Not if you want to mutate the original object, possibly referenced
from elsewhere.

On Thu, Oct 18, 2007 at 11:57:10AM -0000, Paul Hankin wrote regarding Re: Appending a list's elements to another list using a list comprehension:

>
Not to me: I can never remember which of a.append and a.extend is
which. Falling back to a = a + b is exactly what you want. For
instance:

a = (1, 2, 3)
a += (4, 5, 6)

works, whereas:

a = (1, 2, 3)
a.extend((4, 5, 6))

doesn't. So using += makes your code more general. There's no standard
sequence type that has extend and not +=, so worrying that += is
slower isn't a concern unless you're using a user-defined class.
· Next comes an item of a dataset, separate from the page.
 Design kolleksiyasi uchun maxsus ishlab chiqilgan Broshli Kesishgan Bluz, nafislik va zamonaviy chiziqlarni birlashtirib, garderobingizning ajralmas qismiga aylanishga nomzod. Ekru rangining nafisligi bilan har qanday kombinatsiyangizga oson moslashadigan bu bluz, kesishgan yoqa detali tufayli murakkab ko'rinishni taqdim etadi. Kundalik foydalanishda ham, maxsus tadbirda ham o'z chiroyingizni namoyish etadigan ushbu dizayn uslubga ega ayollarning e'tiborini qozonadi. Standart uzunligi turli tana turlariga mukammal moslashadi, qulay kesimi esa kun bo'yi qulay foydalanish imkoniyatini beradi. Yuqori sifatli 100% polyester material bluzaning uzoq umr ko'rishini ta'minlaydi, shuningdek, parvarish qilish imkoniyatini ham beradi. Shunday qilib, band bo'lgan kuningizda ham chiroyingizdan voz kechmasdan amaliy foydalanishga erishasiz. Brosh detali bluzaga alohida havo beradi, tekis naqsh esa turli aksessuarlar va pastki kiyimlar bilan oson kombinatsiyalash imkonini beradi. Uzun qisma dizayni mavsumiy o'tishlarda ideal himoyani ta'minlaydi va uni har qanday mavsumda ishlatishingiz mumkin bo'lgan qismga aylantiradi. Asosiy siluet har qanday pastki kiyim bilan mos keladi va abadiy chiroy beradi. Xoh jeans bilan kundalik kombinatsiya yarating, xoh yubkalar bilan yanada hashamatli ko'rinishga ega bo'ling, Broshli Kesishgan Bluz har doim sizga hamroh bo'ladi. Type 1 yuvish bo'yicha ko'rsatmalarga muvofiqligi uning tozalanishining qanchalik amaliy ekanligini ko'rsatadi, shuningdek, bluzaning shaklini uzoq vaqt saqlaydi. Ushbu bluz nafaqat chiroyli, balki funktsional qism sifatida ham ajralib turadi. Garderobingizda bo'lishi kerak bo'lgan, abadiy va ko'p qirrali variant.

Even
then, it's probably a mistake that should be fixed in the class rather
than requiring .extend() to be used instead of +=.
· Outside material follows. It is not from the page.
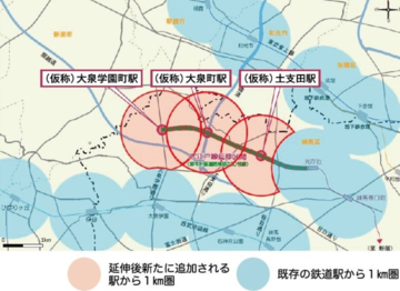 このうち、練馬区内では、(仮称)土支田駅、(仮称)大泉町駅、(仮称)大泉学園町駅の3つの新駅を整備する予定です。
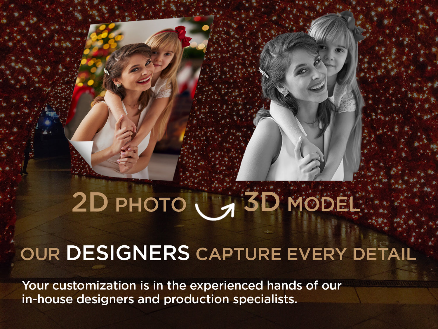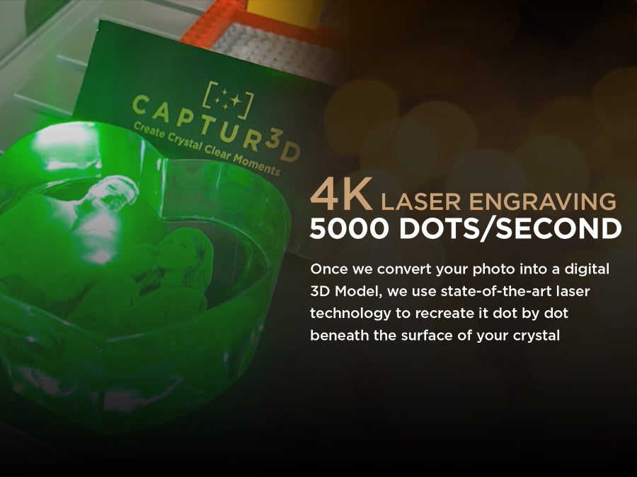 A: CAPTUR3D has an easy 3-step ordering process. First, choose the size of the crystal that suits your needs. Next, upload the high-resolution, clear, and well-lit photo that you want to be engraved. Ensure that the number of people in the photo corresponds with the size of the crystal you have selected. Lastly, submit your order. We'll take care of the rest!

I was going to argue that in fact += is not more general, it just covers a different set of use cases, but then I tested my hypothesis...

>>a = [1,2,3]
b = a
c = [4,5,6]
d = c
e = [7,8,9]
a.extend(e)
b

[1, 2, 3, 7, 8, 9]

>>c += e
d # I expected [4, 5, 6]

[4, 5, 6, 7, 8, 9]

>>c = c + e # But += doesn't do the same as this
c

[4, 5, 6, 7, 8, 9, 7, 8, 9]

>>d

[4, 5, 6, 7, 8, 9]

So I learned something new.

Cheers,
Cliff